After about an hour, we finally get a good look at these hillbillies. Still, despite their deformities, retardation, battered and toothless faces, and droopy eyes (and not to forget the pounds of dirt and sweat that cover every inch of their skin and tattered overalls), they are expert marksmen, handling a crossbow and shotgun like they were born to kill. But, being simple folk, the dumbshits leave the keys in their truck as they chase the youngsters, and the beautiful people get away. In the escape attempt another character is killed, shot in the back with at least three arrows. His fiancé mourns for all of three minutes before she’s cracking jokes and planning her next move.

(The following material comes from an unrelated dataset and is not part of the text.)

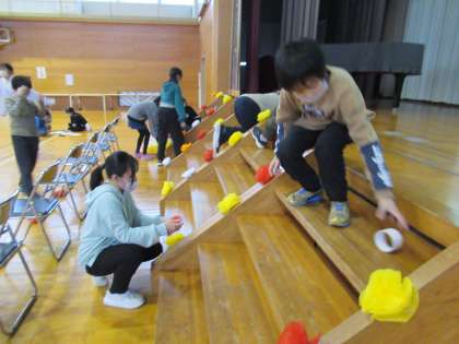 明日全校で行う、6年生へのありがとう集会の会場準備をしています。輪飾りやお花で飾ると、会場がとても華やかになりました。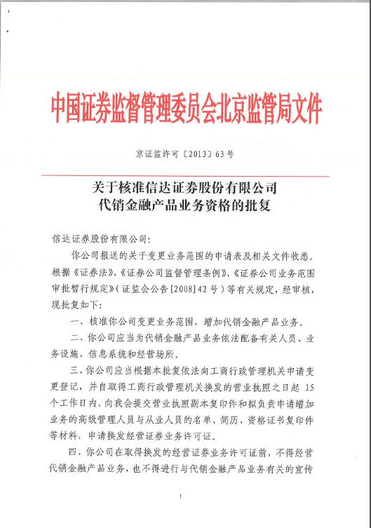 关于核准信达证券股份有限公司代销金融产品业务资格的批复

I could go on like this for hours, but it stands to reason that there are near escapes, a few more killings (including a sheriff, who is shot through the eye with an arrow), and a grand final scene where the doctor saves the last remaining chick by driving a truck through a window and setting the place ablaze. The two sexy stars drive off into the sunset, leaving the charred remains of what was the most heinous band of savages the country has ever seen. But wait! As a deputy inspects the shell of the former homestead, he is killed by the lone survivor, an especially nasty creep who is full of mirth, and his cackle promises a sequel, so long as this installment made a decent profit.

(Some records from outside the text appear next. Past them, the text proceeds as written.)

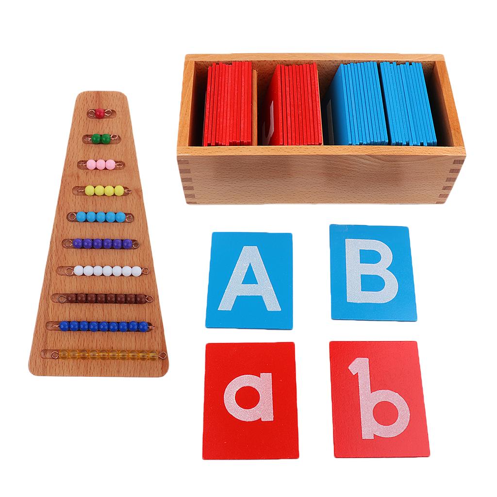 Montessori Material Toy Letter A-Z Sandpaper Alphabets Board + Montessori Math Materials Colored Bead Stairs with Tray Early Training Toys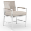 Sunset West's Sabbia Dining Armchair. Cushion comes stocked in Sunbrella Echo Ash but custom fabric may be ordered.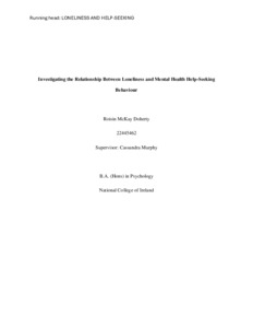 McKay Doherty, Roisin (2025) Investigating the Relationship Between Loneliness and Mental Health Help-Seeking Behaviour. Undergraduate thesis, Dublin, National College of Ireland.

In all, clocking in at only 79 minutes, Wrong Turn is not the worst way to spend an evening, but there wasn’t an original scene to be had. And while I could spend several more paragraphs hammering the incompetent cinematic technique, I’ll come clean and admit that my main bone of contention is that I didn’t get to see any tits. Not even the mere hint of a nipple! Now I don’t mind if you slaughter the bitches, but what ever happened to a little striptease before the big kill? At least Cabin Fever had a gratuitous bathtub scene. And a sense of fun.
Special Ruthless Ratings
- Number of minutes that passed before hearing the first Deliverance reference: 25
- Number of times a truck gets stuck in the mud as it’s making its getaway: 1
- Number of times any of that mud gets on a chick’s tits: 0
- Number of times I thought that the hillbilly language sounded like Klingon: 2
- Number of hillbillies who looked like that Robocop dude after he crashed into the toxic waste: 1
- Number of scenes featuring a hillbilly who sleeps with his shotgun: 1
- Number of times I thought this was an unfair stereotype as all West Virginians sleep with their shotguns: 3
- Was their director’s commentary?: Yes
- Were there deleted scenes, featurettes, and hours of cool extras?: Yes
- Tell me again what’s on the Criterion release of Kurosawa’s Yojimbo?: Not a fucking thing.